I didn’t ask where the cook’s carrying Celeste for a full nine months fit in with the abortions. I didn’t want to know, but Mrs. Berman gave me the information anyway. “Two abortions before Celeste, and one after,” she said.
“The cook told you that?” I said.
“Celeste told me,” she said. “She also told me that her mother was thinking of having her tubes tied.”
“I’m certainly glad to know all this,” I said, “in case of an emergency.”
Back to the past I go again, with the present nipping at my ankles like a rabid fox terrier:
My mother died believing that I had become a protégé of Dan Gregory, from whom I had never heard directly. Before she got sick, she predicted that “Gregorian” would send me to art school, that “Gregorian” would persuade magazines to hire me as an illustrator when I was old enough, that “Gregorian” would introduce me to all his rich friends, who would tell me how I could get rich, too, investing the money I made as an artist in the stock market. In 1928, the stock market never seemed to do anything but go up and up, just like the one we have today! Whoopee!

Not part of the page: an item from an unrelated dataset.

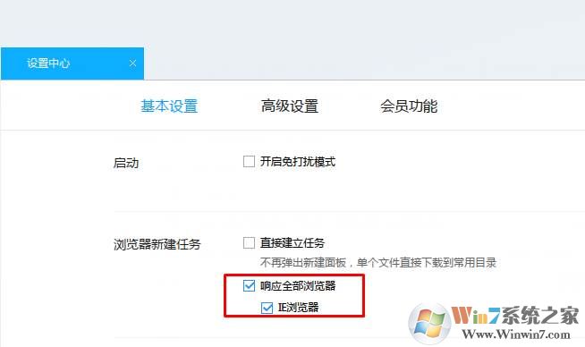 1、打开迅雷9设置中心,然后在基本设置下的“浏览器新建任务” 勾选响应全部浏览器,和IE浏览器

So she not only missed the stock market crash a year later, but the realization a couple of years after the crash that I wasn’t even indirectly in touch with Dan Gregory, that he probably didn’t even know I was alive, that the effusive praise for the artwork I was sending to New York for criticism wasn’t coming from the highest paid artist in American history, but from what my father called in Armenian: “… maybe his cleaning woman, maybe his cook, maybe his whore.”
I
REMEMBER THE AFTERNOON
I came home from school when I was about fifteen or so, and Father was sitting at the oilcloth-covered table in our little kitchen, with Marilee’s letters in a stack before him. He had reread them all.

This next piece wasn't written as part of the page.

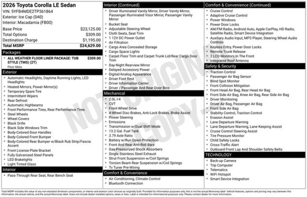 Ice Cap 2026 Toyota Corolla CVT FWD LE 4D Sedan

This was not a violation of my privacy. The letters were family property—if you can call only two people a family. They were like bonds we had accumulated, gilt-edged securities of which I would be the beneficiary when they and I reached maturity. Once they paid off, I would be able to take care of Father, too, and he sure needed help. His savings had been wiped out by the failure of the Luma County Savings and Loan Association, which we and everybody in town had taken to calling “El Banco Busto.” There was no federal insurance scheme for bank deposits back then.
El Banco Busto, moreover, had held the mortgage on the little building whose first floor was Father’s shop and whose second story was our home. Father used to own the building, thanks to a loan from the bank. After
the bank failed, though, its receivers liquidated all its assets, foreclosing all the mortgages which were in arrears, which was most of them. Guess why they were in arrears? Practically everybody had been dumb enough to entrust their savings to El Banco Busto.
So the father I found reading Marilee’s letters in the afternoon was a man who had become a mere tenant in a building he used to own. As for the shop downstairs: it was vacant, since he couldn’t afford to rent that, too. All his machinery had been sold at auction anyway in order to get a few pennies for what we were: people who had been dumb enough to entrust his or her savings to El Banco Busto.
What a comedy!
Father looked up from Marilee’s letters when I came in with my schoolbooks, and he said, “You know what this woman is? She has promised you everything, but she has nothing to give.” He named the Armenian sociopath who had swindled him and Mother in Cairo. “She is the new Vartan Mamigonian,” he said.
“What do you mean?” I said.
And he said exactly as though the handwritten letters were bonds or insurance policies or whatever: “I have just read the fine print.” He went on to say that Marilee’s first letters had been rich in phrases like “Mr. Gregory says,” and “Mr. Gregory feels,” and “Mr. Gregory wants you to know,” but that, since the third letter, such locutions had entirely disappeared. “This is a
nobody,” he said, “who will never be anybody, who is trying to get somebody anyway, by stealing the reputation of Gregorian!”
I felt no shock. Some part of me had noticed the same thing about the letters. Some other part of me had managed to bury the bad, bad implications.